А ведь было, честное слово, было… Было то, во что трудно теперь верилось. Впрочем, ей и самой теперь казалось почти неправдоподобным, что однажды Юрий пожалел, что поступил в училище. Разве понять это кому-нибудь сейчас, разве услышать за гордыми раскатами байконурского грома смущенные слова молоденького курсанта: «Слушай, Валя, а может, махнуть на все, может, вернуться к родителям? Они концы с концами едва-едва сводят, а я… У меня же после техникума специальность… Как ты думаешь, а? Буду зарабатывать, помогать…» Ради других он готов был расстаться с мечтой. Как трудно было его убедить!
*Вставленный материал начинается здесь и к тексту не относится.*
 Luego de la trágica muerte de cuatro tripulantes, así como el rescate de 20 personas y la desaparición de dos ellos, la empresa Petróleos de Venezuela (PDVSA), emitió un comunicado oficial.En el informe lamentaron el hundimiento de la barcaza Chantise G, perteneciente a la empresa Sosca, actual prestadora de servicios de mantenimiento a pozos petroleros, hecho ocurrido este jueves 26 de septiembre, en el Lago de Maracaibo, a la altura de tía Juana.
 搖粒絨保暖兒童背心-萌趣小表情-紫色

Да, это позже, значительно позже, не позволяя кружиться над головой нимбу славы, он частенько станет повторять с притворным укором: «А кто виноват во всем? Ты!» И доставал фотографию, которую Валя подарила ему в день его рождения. Откуда тогда взялись у нее такие слова? «Юра, помни, что кузнецы нашего счастья — это мы сами. Перед судьбой не склоняй головы. Помни, что ожидание — это большое искусство. Храни это чувство до самой счастливой минуты. 9 марта 1957 года. Валя», — написала она на обороте фотокарточки.
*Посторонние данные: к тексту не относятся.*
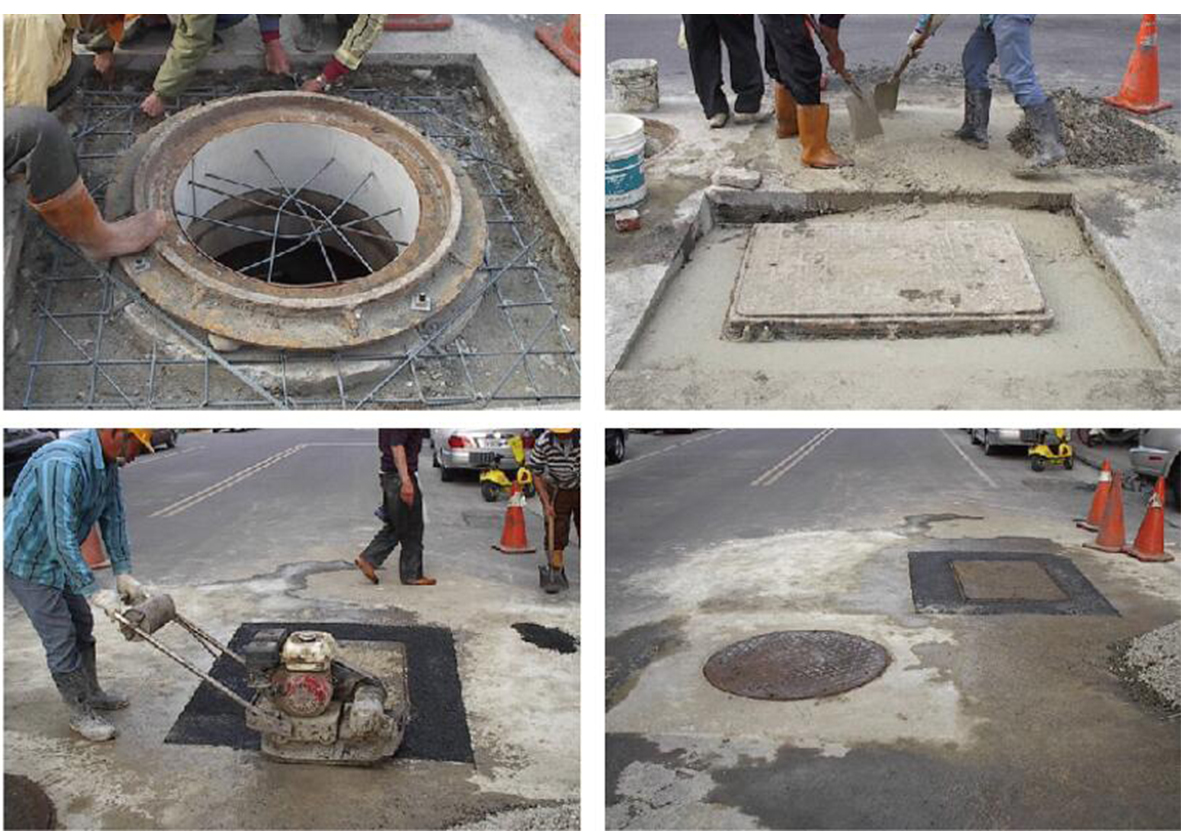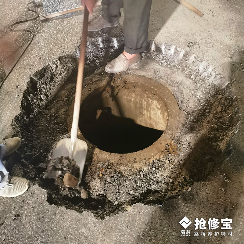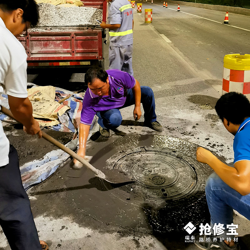 依托该材料的高效施工流程简洁规范:先精准勘察定位井盖高差,标注切割轮廓线,经专业切割破除后清理基面;按1:(0.13~0.15)的水料比搅拌抢修宝RT-2砂浆,快速完成井盖抬升找平与周边填充;最后经2小时短期养护,即可达到通车强度要求。确保修复后井盖与路面高差≤3mm,平整度达标。

Теперь он тоже стал небом. И теперь уже к ней самой обращено ее же когда-то ему адресованное пожелание: «Перед судьбой не склоняй головы». Ну а чего теперь ждать? И она снова раздвигала шторы, распахивала окно, вглядываясь туда, где терялась в деревьях тропинка. Справа стояли е г о сосны, слева е г о березы. «Неужели нужно покинуть Звездный? Это трудно, это почти невозможно, — думала она, — но я сделаю это, чтобы сохранить остаток сил ради девочек, дочерей, которых он очень любил».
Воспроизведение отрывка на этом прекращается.